**The data:**
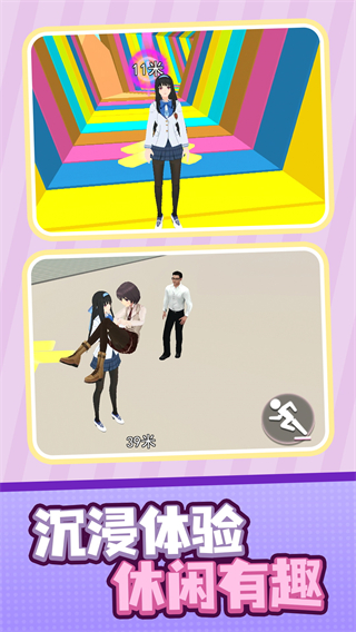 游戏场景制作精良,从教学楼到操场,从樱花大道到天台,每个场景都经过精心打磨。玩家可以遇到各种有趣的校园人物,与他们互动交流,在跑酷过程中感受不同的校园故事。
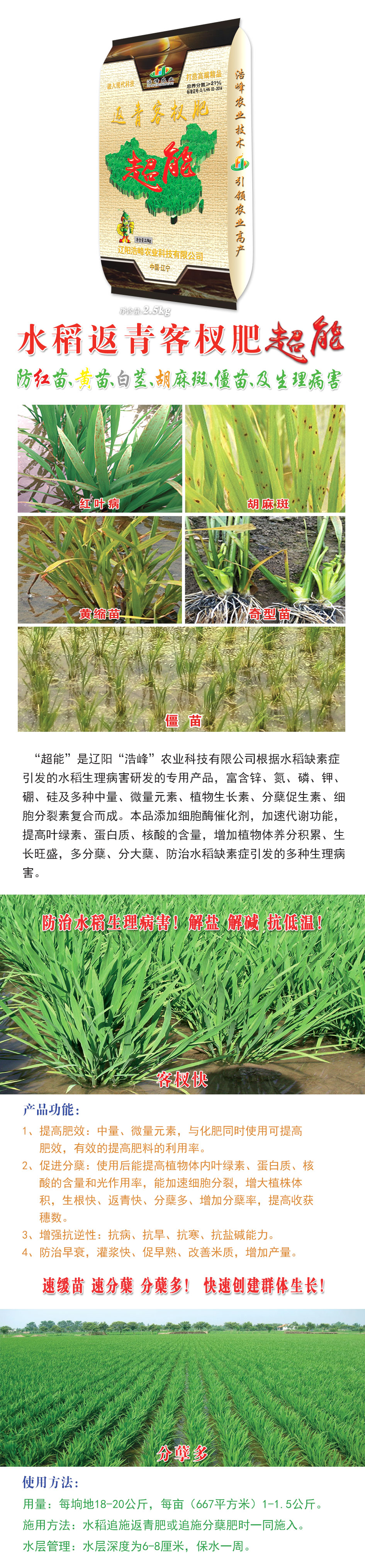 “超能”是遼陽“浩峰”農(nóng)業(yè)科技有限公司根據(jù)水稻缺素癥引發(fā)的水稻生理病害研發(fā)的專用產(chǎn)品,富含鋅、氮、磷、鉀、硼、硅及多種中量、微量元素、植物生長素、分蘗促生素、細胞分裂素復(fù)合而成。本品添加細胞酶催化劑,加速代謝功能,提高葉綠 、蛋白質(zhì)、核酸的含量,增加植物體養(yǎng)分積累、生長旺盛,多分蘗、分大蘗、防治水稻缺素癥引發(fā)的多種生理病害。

* * *

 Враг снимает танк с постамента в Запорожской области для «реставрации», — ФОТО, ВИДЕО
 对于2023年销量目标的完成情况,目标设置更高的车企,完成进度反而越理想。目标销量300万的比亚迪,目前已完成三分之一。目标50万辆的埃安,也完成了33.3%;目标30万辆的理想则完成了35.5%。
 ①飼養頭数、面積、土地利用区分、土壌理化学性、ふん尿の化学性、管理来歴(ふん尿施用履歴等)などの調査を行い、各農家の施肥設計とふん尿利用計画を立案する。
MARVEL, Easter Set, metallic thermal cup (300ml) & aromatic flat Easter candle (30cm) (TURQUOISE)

**Problem to solve:**
Return, unchanged, the run of lines above that opens with the line containing "对于2023年销量目标的完成" and closes with the line containing "MARVEL, Easter Set, metallic". Include both.

**Answer area:**
 对于2023年销量目标的完成情况,目标设置更高的车企,完成进度反而越理想。目标销量300万的比亚迪,目前已完成三分之一。目标50万辆的埃安,也完成了33.3%;目标30万辆的理想则完成了35.5%。
 ①飼養頭数、面積、土地利用区分、土壌理化学性、ふん尿の化学性、管理来歴(ふん尿施用履歴等)などの調査を行い、各農家の施肥設計とふん尿利用計画を立案する。
MARVEL, Easter Set, metallic thermal cup (300ml) & aromatic flat Easter candle (30cm) (TURQUOISE)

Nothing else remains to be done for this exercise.